Ist die angegriffene Entscheidung auf mehrere selbständig tragende Begründungen gestützt, setzt die Zulassung der Berufung voraus, dass für jeden dieser Gründe die Zulassungsvoraussetzungen erfüllt sind (Kopp/Schenke, VwGO, 23. Aufl. 2017, § 124a Rn. 7).
Eine § 78 Abs. 4 Satz 4 AsylG genügende Darlegung von Berufungszulassungsgründen erfordert eine substantielle Erörterung des in Anspruch genommenen Zulassungsgrundes, wobei „darlegen“ schon nach allgemeinem Sprachgebrauch mehr als lediglich einen allgemeinen Hinweis bedeutet; „etwas darlegen“ bedeutet vielmehr so viel wie „erläutern“, „erklären“ oder „näher auf etwas eingehen“ (BVerwG, B.v. 9.3.1993 – 3 B 105/92 – juris Rn. 3 m.w.N.).
b) Hieran gemessen ist die grundsätzliche Bedeutung der Rechtssache nicht hinreichend dargelegt.
Die Klägerinnen haben in der Begründung des Zulassungsantrages keine konkrete Rechts- oder Tatsachenfrage formuliert, die den dargestellten Anforderungen genügt.
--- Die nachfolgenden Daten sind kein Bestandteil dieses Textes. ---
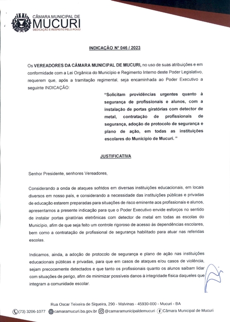 O documento solicita ao prefeito Roberto Carlos Figueiredo Costa que sejam tomadas providências urgentes quanto à segurança de profissionais e alunos dos estabelecimentos de ensino, com a instalação de portas giratórias com detector de metal, contratação de profissionais de segurança, adoção de protocolo de segurança e plano de ação, em todas as escolas de Mucuri.
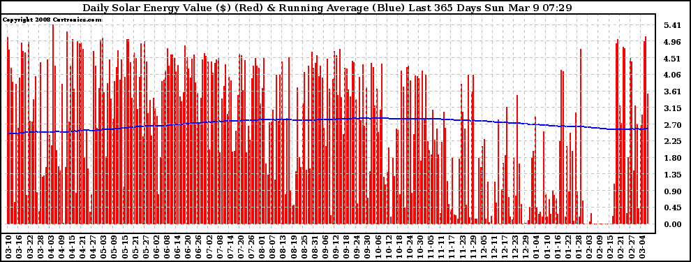 20080309 Daily Solar Energy Production Value Running Average Last 365 Days
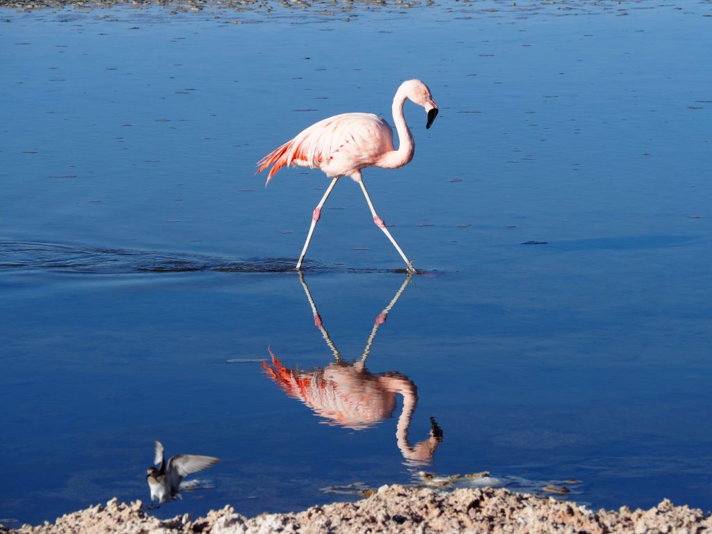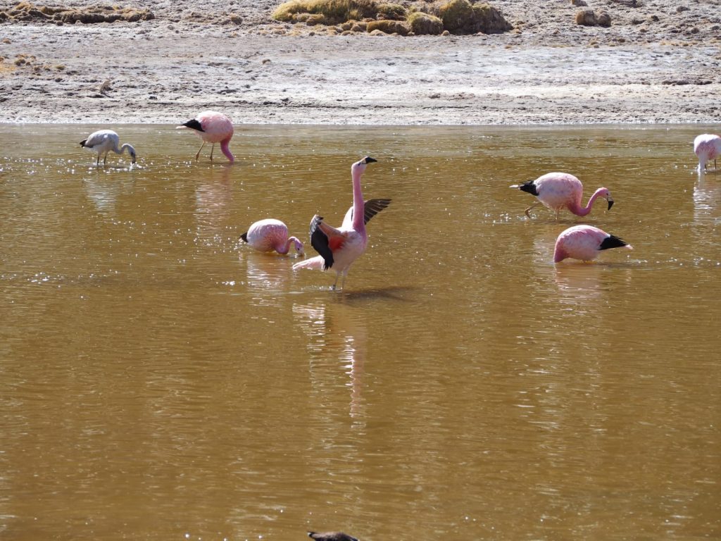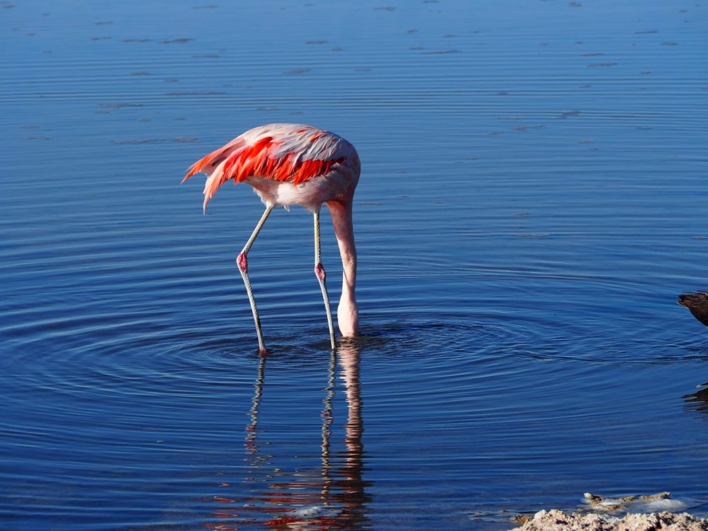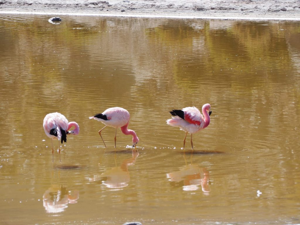 We were really fortunate on this tour in that only 4 people were booked on (including ourselves), so with two other companions plus guide we headed off in a 4×4 pickup truck for a full day of what was promised to be the best tour of all. We were not disappointed. First stop was Laguna Chaxa for our first sight of flamingos. There are two types of flamingo at this lagoon: Chilean, which have pink knees and “dance” to disturb the shrimps lurking in mud, which are their staple food; and Andean, which have some black feathers on their backs, and which stand still when feeding but scrunch the mud with their toes to disturb the shrimps. We had a fantastic close-up view of a Chilean flamingo. Sadly, most of the rest of them were feeding on the far side of the lagoon.
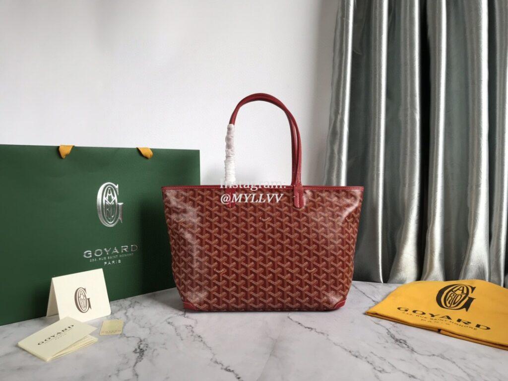Top Quality Version:MYLLVV » Goyard Goyardine Canvas Chevroches Calfskin Cowhide Small Tote Bag Red 020191
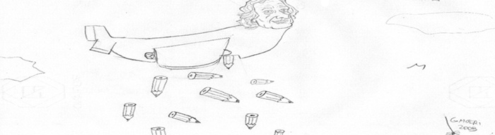 Riporto qua sotto una mia caricatura di Forattini (a matita) datata 2009:

Es wird lediglich geltend gemacht, der Fall der Klägerinnen berühre „eine Vielzahl nigerianischer, insbesondere weiblicher Flüchtlinge im Hinblick auf die Gefahrensituation weiblicher, alleinstehender Rückkehrerinnen mit minderjährigen Kindern, der medizinischen Versorgung, insbesondere der Behandlung einer posttraumatischen Belastungsstörung, eine drohende Genitalbeschneidung (…) der zwei minderjährigen Töchter (…), sowie der Gefahr der Verelendung mangels lebenserhaltender familiärer Unterstützung“. Im Folgenden werden diese befürchteten Gefahren nach Art einer Klagebegründung näher ausgeführt, ohne dass eine fallübergreifende Grundsatzfrage auch nur indirekt formuliert wird. Die Ausführungen richten sich gegen die Sachverhalts- und Beweiswürdigung sowie die Rechtsanwendung durch das Verwaltungsgericht, somit also gegen die materielle Richtigkeit der verwaltungsgerichtlichen Entscheidung, was nach der abschließenden Sonderregelung des § 78 Abs. 3 AsylG nicht zur Zulassung der Berufung führen kann.
Die Kostenentscheidung beruht auf § 154 Abs. 2 VwGO, § 83 b AsylG.
Mit dieser gemäß § 80 AsylG unanfechtbaren Entscheidung wird das Urteil des Verwaltungsgerichts rechtskräftig (§ 78 Abs. 5 Satz 2 AslyG).